Als het een kwartier vroeger is, dan draait de grote wijzer van de klok een kwart terug. De kleine wijzer verplaatst mee. In het voorbeeld hieronder kun je dit zien.
Een kwartier vroeger
- Op deze klok is het 10 voor half 7.
- De grote wijzer gaat een kwart terug.
- De blauwe cirkel om de klok laat dit zien.
- Waar deze cirkel eindigt, daar eindigt ook de grote wijzer.

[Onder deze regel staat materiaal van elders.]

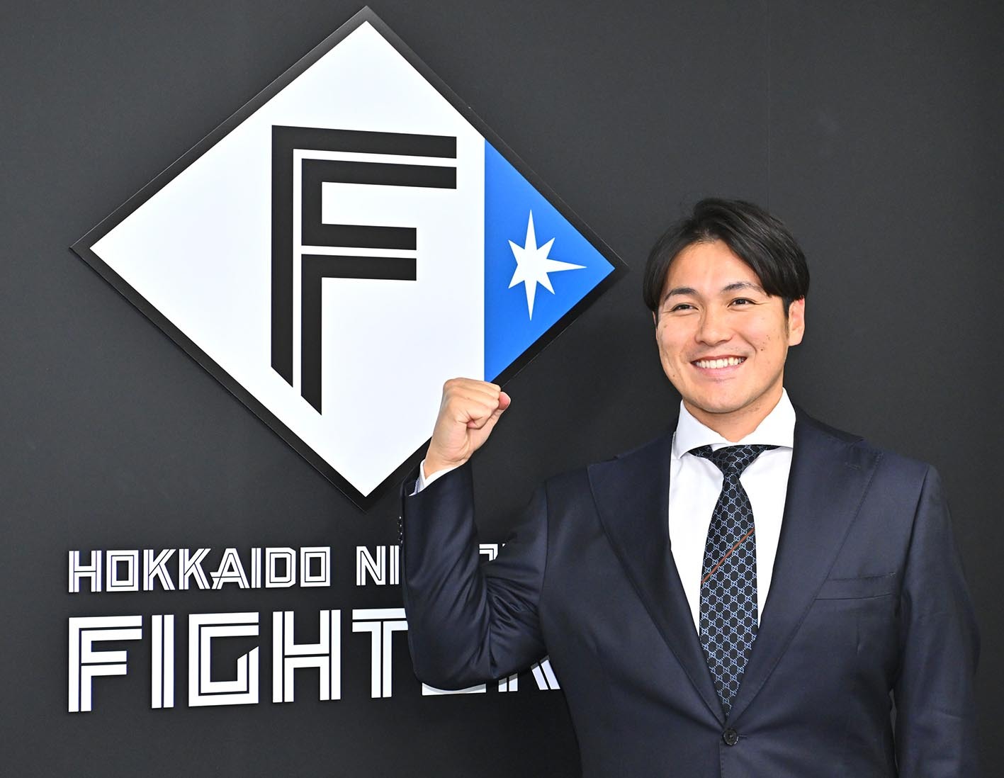 「作り笑顔です(笑)。いい笑顔ですね。締めくくりは、やっぱりファイターズで取ってもらって。このスーツで最後(引退セレモニーにも)行こうかな」

Deze wijst dan het cijfer 1 aan; gelijk aan 5 minuten.
- De kleine wijzer verplaatst een klein stukje mee.
- Het is een kwartier vroeger.
- Het is 5 over 6.
Hieronder worden nog twee manieren besproken om erachter te komen hoe laat het een kwartier vroeger was.
- 15 minuten
- Een kwartier bestaat uit 15 minuten.
- Op de klok is het 10 voor half 7, wat gelijk is aan 20 minuten over 6. Je ziet dit ook aan de grote wijzer, die de 20 minuten aanwijst.

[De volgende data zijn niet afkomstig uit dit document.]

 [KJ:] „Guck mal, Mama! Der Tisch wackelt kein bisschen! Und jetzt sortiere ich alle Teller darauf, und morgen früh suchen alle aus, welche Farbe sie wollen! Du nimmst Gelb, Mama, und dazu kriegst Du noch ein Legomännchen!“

- Trek je van deze 20 minuten 15 minuten af, dan is het 5 minuten over het hele uur.
- De grote wijzer wijst dan het cijfer 1 aan.
- Het is dan 5 over 6.
Je kunt het kwartier ook terug tellen door sprongen terug te maken van 5 minuten.
Sprongen van 5 minuten
- Op deze klok is het 10 voor half 7.
- Een kwartier bestaat uit 15 minuten. Je moet dus 3 sprongen terug maken van 5 minuten.
- Als je vanaf de plaats van de grote wijzer 3 sprongen terug maakt van 5 minuten, dan wijst de grote wijzer het cijfer 1 aan.
- Het is dan 5 over 6.
Een kwartier vroeger
- De grote wijzer gaat een kwart (kwartier) terug.
- De kleine wijzer verplaatst ook een klein stukje terug.
- Je kunt 15 minuten terug tellen.
- Je kunt sprongen maken van 5 minuten, tot je bij 15 bent. Welk cijfer wijst de grote wijzer dan aan? Hoe laat is het dan?